Please post debug aaa authentication

frm the configuration you have posted it seems your switch side configuration is correct and there could be something missing on the tacacs server side .

http://my.safaribooksonline.com/book/networking/cisco-ios/0596527225/tacacsplus/i47039__heada__4_8

If you choose to use TACACS+ to authenticate your enable password as well, then you will need to define a special enable user called $enabl15$ . The following example creates this enable account by using the password happy. After you define this username, the TACACS+ server will be able to handle authentication requests for the enable password:

user = $enab15$ {
    login = cleartext happy
}

Thanks

sharad

dhackenberg · ‎12-10-2013

Thanks for your help. I have tried creating the special user you mentioned (enabl15 and enabl15). I did it both ways since ther was a typo. Neither work. Below is the output from the command debug aaa authentication:

Dec 10 15:08:43.155: AAA: parse name=tty0 idb type=-1 tty=-1

Dec 10 15:08:43.155: AAA: name=tty0 flags=0x11 type=4 shelf=0 slot=0 adapter=0 port=0 channel=0

Dec 10 15:08:43.155: AAA/MEMORY: create_user (0x1F3BA50) user='testuser' ruser='NULL' ds0=0 port='tty0' rem_addr='async' authen_type=ASCII service=ENABLE priv=15 initial_task_id='0', vrf= (id=0)

Dec 10 15:08:43.155: AAA/AUTHEN/START (1044210600): port='tty0' list='' action=LOGIN service=ENABLE

Dec 10 15:08:43.155: AAA/AUTHEN/START (1044210600): using "default" list

Dec 10 15:08:43.155: AAA/AUTHEN/START (1044210600): Method=tacacs_serv (tacacs+)

Dec 10 15:08:43.155: TAC+: send AUTHEN/START packet ver=192 id=1044210600

Dec 10 15:08:43.457: TAC+: ver=192 id=1044210600 received AUTHEN status = GETPASS

Dec 10 15:08:43.457: AAA/AUTHEN (1044210600): status = GETPASS

% Error in authentication.

I am testing this on a 2960, running 12.2(44)SE6. Could this be a bug?

edwjames · ‎12-10-2013

Hi David,

% Error in authentication

at enable authentication usually means that the privilege level (maximum) is not 15.

Cause, when you type in "enable" it's actually "enable 15"

**Share your knowledge. It’s a way to achieve immortality.
--Dalai Lama**

Please Rate if helpful.
Regards
Ed

**Share your knowledge. It’s a way to achieve immortality. --Dalai Lama** Please Rate if helpful.

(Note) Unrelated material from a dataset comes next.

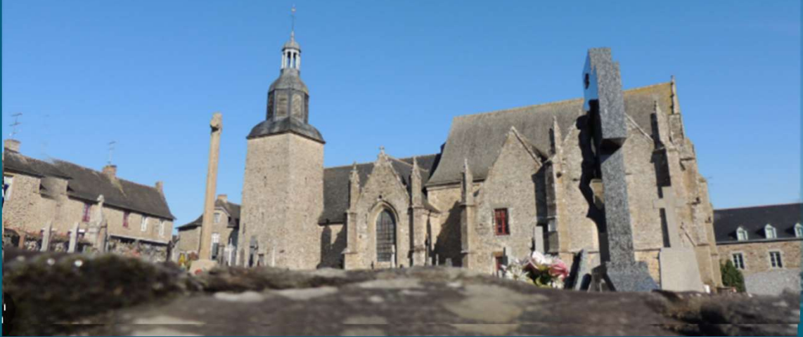
Collégiale Ste Marie Madeleine

Regards Ed

dhackenberg · ‎12-10-2013

Below is the config of the enabl15 user in the Tacacs config file:

user = $enabl15$ {

login = cleartext 802.11boingo

priv-lvl = 15

}

I did at you suggestion add the priv_lvl line. It did not change the result.

Below is the most recent debug:

CCG-WLA-TEST-SWT-1>ena

Password:

Dec 10 15:41:55.857: AAA: parse name=tty0 idb type=-1 tty=-1

Dec 10 15:41:55.857: AAA: name=tty0 flags=0x11 type=4 shelf=0 slot=0 adapter=0 port=0 channel=0

Dec 10 15:41:55.857: AAA/MEMORY: create_user (0x1E6AA88) user='testuser' ruser='NULL' ds0=0 port='tty0' rem_addr='async' authen_type=ASCII service=ENABLE priv=15 initial_task_id='0', vrf= (id=0)

Dec 10 15:41:55.865: AAA/AUTHEN/START (3771241761): port='tty0' list='' action=LOGIN service=ENABLE

Dec 10 15:41:55.865: AAA/AUTHEN/START (3771241761): using "default" list

Dec 10 15:41:55.865: AAA/AUTHEN/START (3771241761): Method=tacacs_serv (tacacs+)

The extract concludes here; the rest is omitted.